▸ Raw data
__________

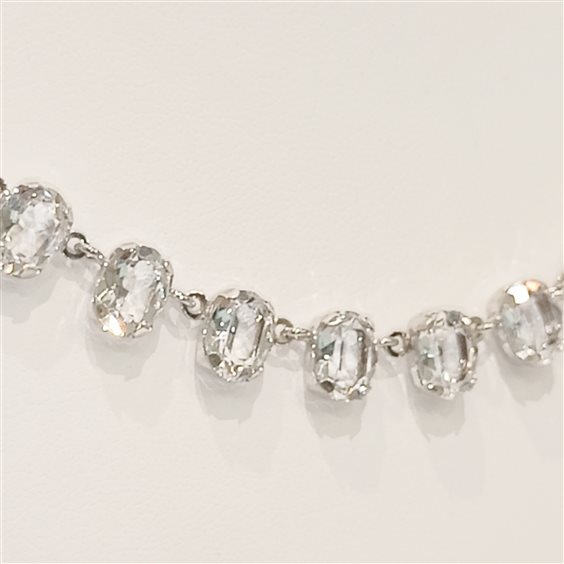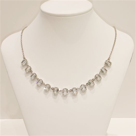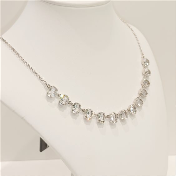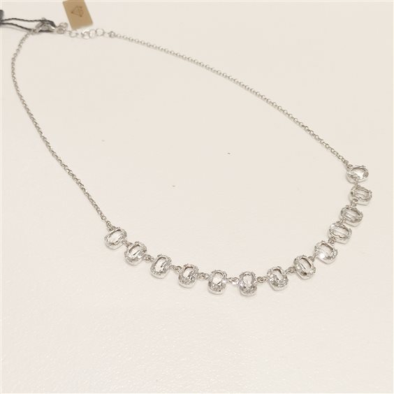 ELEGANTE COLLANA IN ARGENTO, CON PICCOLI PENDENTI A FORMA OVALE NELLA PARTE CENTRALE DELLA COLLANA.
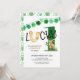Sortudo Primeiro convite de aniversário. Esse doce design apresenta Lucky 1, embelezado com ilustrações aquarelas de caserna de shamrock, ferradura, coelho da floresta e trevo de quatro folhas. A parte de trás do convite tem um padrão de shamrocks verdes e corações de amor. O modelo está pronto para você personalizar o convite com seus próprios detalhes. Por favor, procure na nossa loja banners de coordenação de partidos, etiquetas de favorecimento, etc.
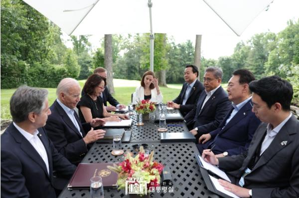 이번 한미 정상회담은 지난 4월 윤석열 대통령의 국빈 방미에 이어 약 4개월만에 개최된 것이다. 윤석열 대통령은 현대 외교사에서 중요한 의미를 갖는 캠프 데이비드에서 바이든 대통령과 회담을 갖게 되어 감회가 남다르다고 하고, 오늘 회담은 한미동맹이 보편적 가치를 바탕으로 세계의 자유, 평화, 번영을 위한 정의로운 동맹으로 도약하고 있음을 보여주는 것이라고 했다.
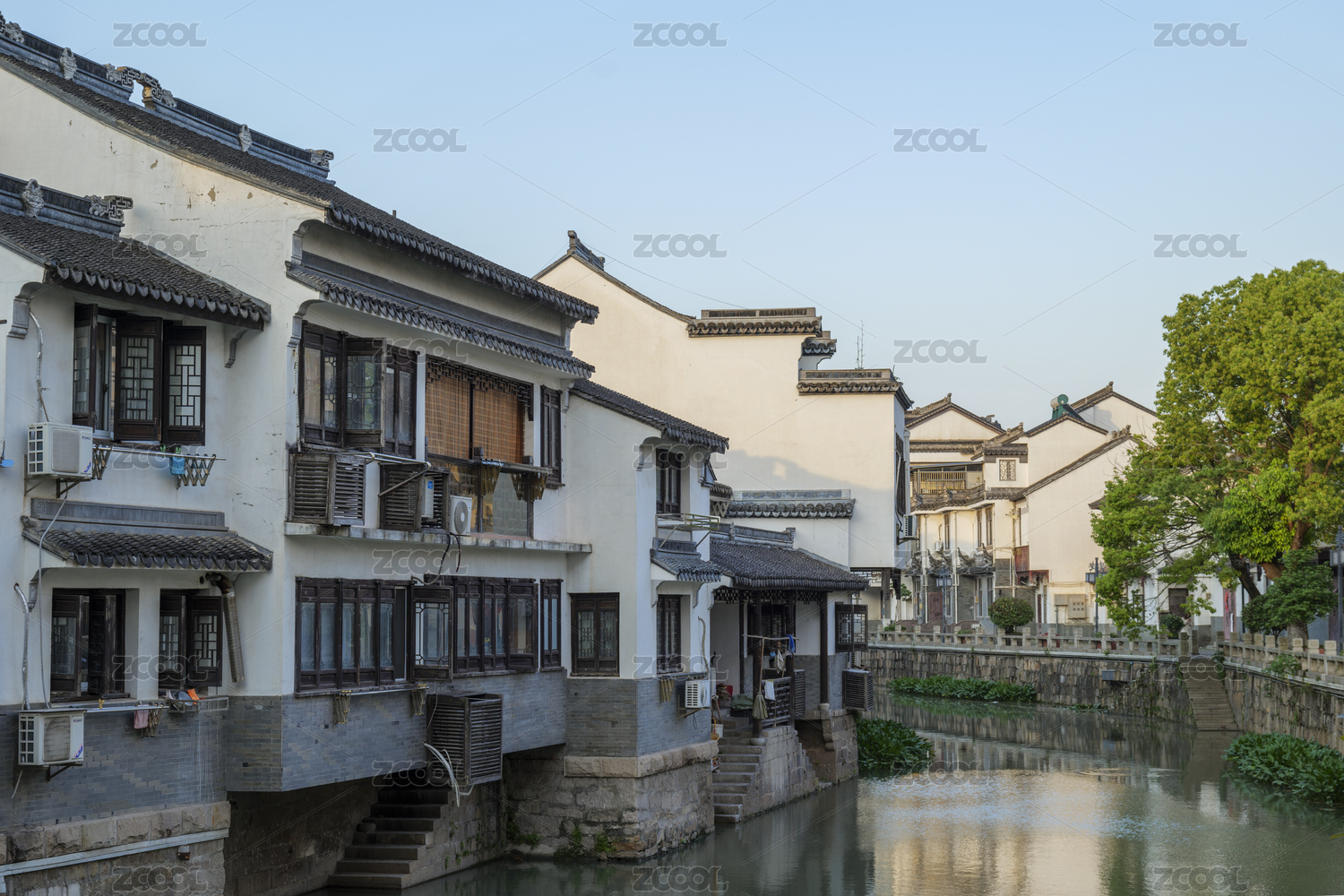 上海罗店古镇|阳光照亮河边的徽式复古建筑

__________

▸ Task description
Write out all of the data above exactly, pictures excluded.

▸ Answer below
 ELEGANTE COLLANA IN ARGENTO, CON PICCOLI PENDENTI A FORMA OVALE NELLA PARTE CENTRALE DELLA COLLANA.
Sortudo Primeiro convite de aniversário. Esse doce design apresenta Lucky 1, embelezado com ilustrações aquarelas de caserna de shamrock, ferradura, coelho da floresta e trevo de quatro folhas. A parte de trás do convite tem um padrão de shamrocks verdes e corações de amor. O modelo está pronto para você personalizar o convite com seus próprios detalhes. Por favor, procure na nossa loja banners de coordenação de partidos, etiquetas de favorecimento, etc.
 이번 한미 정상회담은 지난 4월 윤석열 대통령의 국빈 방미에 이어 약 4개월만에 개최된 것이다. 윤석열 대통령은 현대 외교사에서 중요한 의미를 갖는 캠프 데이비드에서 바이든 대통령과 회담을 갖게 되어 감회가 남다르다고 하고, 오늘 회담은 한미동맹이 보편적 가치를 바탕으로 세계의 자유, 평화, 번영을 위한 정의로운 동맹으로 도약하고 있음을 보여주는 것이라고 했다.
 上海罗店古镇|阳光照亮河边的徽式复古建筑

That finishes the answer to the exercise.